Write out the entire listing below exactly as it appears, minus any pictures.

[Recorded data — start]

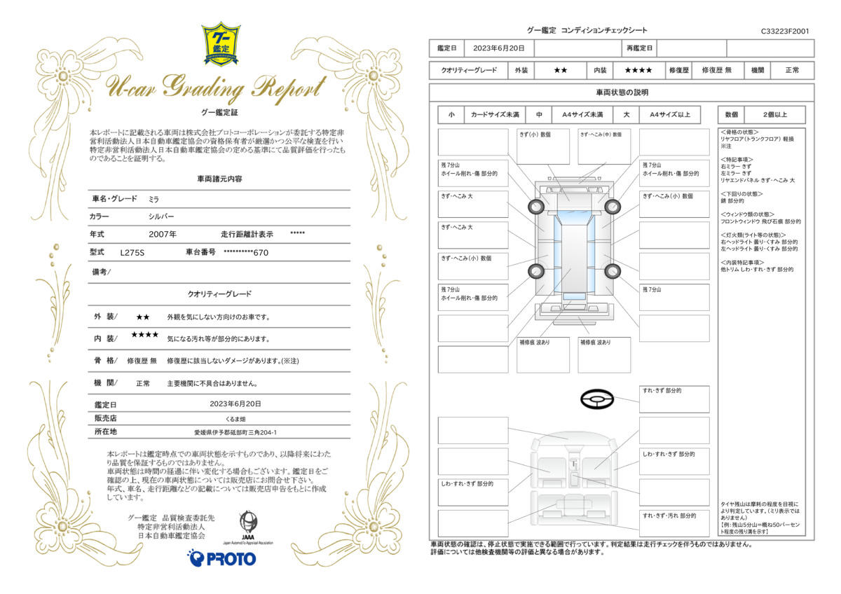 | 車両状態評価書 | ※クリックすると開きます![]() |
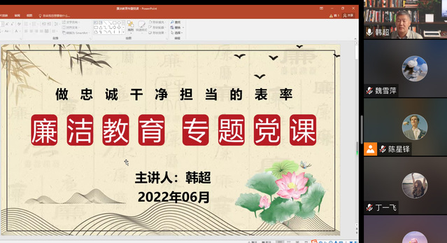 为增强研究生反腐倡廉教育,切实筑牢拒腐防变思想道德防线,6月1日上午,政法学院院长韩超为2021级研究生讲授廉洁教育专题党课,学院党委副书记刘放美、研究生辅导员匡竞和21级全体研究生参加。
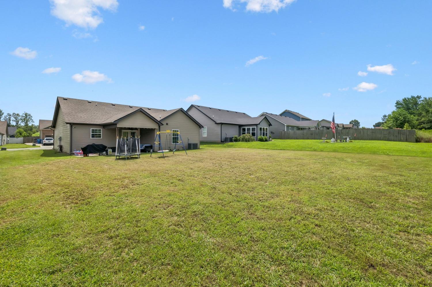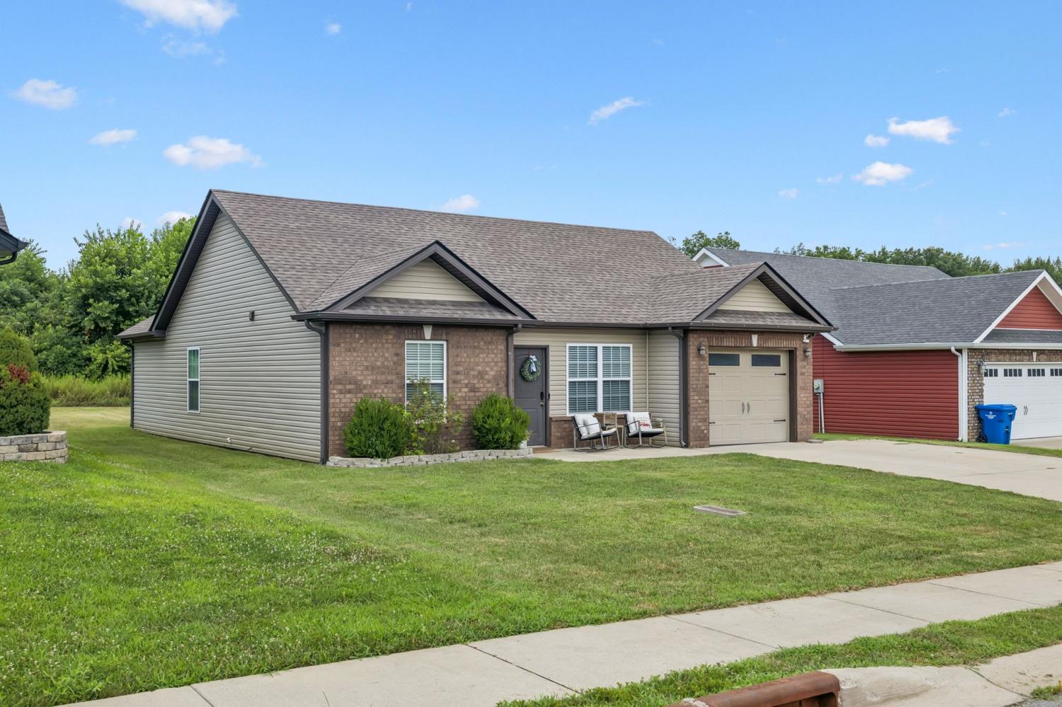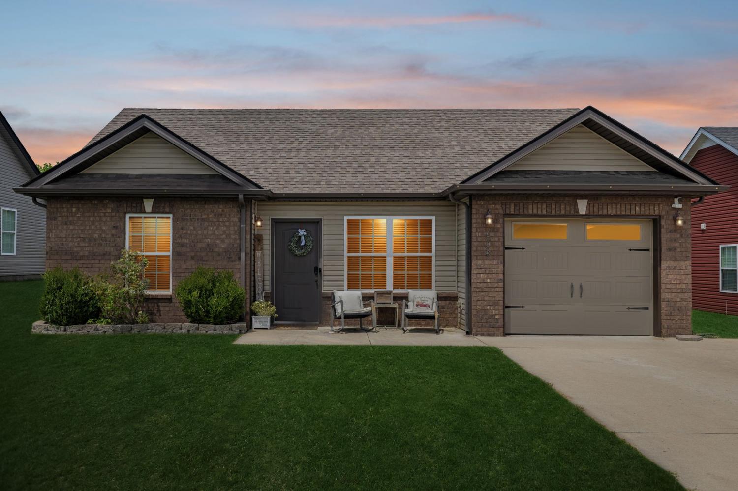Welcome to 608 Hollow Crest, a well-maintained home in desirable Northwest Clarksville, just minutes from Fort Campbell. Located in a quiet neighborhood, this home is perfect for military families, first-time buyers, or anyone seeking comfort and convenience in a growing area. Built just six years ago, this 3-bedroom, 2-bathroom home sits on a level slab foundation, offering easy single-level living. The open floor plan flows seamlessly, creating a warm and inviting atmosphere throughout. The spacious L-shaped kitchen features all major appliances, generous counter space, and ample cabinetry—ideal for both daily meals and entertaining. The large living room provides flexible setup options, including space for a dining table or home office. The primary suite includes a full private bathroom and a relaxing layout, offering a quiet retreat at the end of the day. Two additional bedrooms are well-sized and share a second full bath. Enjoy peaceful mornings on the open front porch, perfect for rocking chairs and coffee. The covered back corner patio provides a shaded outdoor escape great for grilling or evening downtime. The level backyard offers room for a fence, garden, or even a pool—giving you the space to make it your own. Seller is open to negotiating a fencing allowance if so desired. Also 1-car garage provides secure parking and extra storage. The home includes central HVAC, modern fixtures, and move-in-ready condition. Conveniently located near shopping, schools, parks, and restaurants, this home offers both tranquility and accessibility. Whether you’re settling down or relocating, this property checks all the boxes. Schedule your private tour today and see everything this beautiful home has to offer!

[Recorded data — finish]

» **Answer to this problem**:
 | 車両状態評価書 | ※クリックすると開きます![]() |
 为增强研究生反腐倡廉教育,切实筑牢拒腐防变思想道德防线,6月1日上午,政法学院院长韩超为2021级研究生讲授廉洁教育专题党课,学院党委副书记刘放美、研究生辅导员匡竞和21级全体研究生参加。
Welcome to 608 Hollow Crest, a well-maintained home in desirable Northwest Clarksville, just minutes from Fort Campbell. Located in a quiet neighborhood, this home is perfect for military families, first-time buyers, or anyone seeking comfort and convenience in a growing area. Built just six years ago, this 3-bedroom, 2-bathroom home sits on a level slab foundation, offering easy single-level living. The open floor plan flows seamlessly, creating a warm and inviting atmosphere throughout. The spacious L-shaped kitchen features all major appliances, generous counter space, and ample cabinetry—ideal for both daily meals and entertaining. The large living room provides flexible setup options, including space for a dining table or home office. The primary suite includes a full private bathroom and a relaxing layout, offering a quiet retreat at the end of the day. Two additional bedrooms are well-sized and share a second full bath. Enjoy peaceful mornings on the open front porch, perfect for rocking chairs and coffee. The covered back corner patio provides a shaded outdoor escape great for grilling or evening downtime. The level backyard offers room for a fence, garden, or even a pool—giving you the space to make it your own. Seller is open to negotiating a fencing allowance if so desired. Also 1-car garage provides secure parking and extra storage. The home includes central HVAC, modern fixtures, and move-in-ready condition. Conveniently located near shopping, schools, parks, and restaurants, this home offers both tranquility and accessibility. Whether you’re settling down or relocating, this property checks all the boxes. Schedule your private tour today and see everything this beautiful home has to offer!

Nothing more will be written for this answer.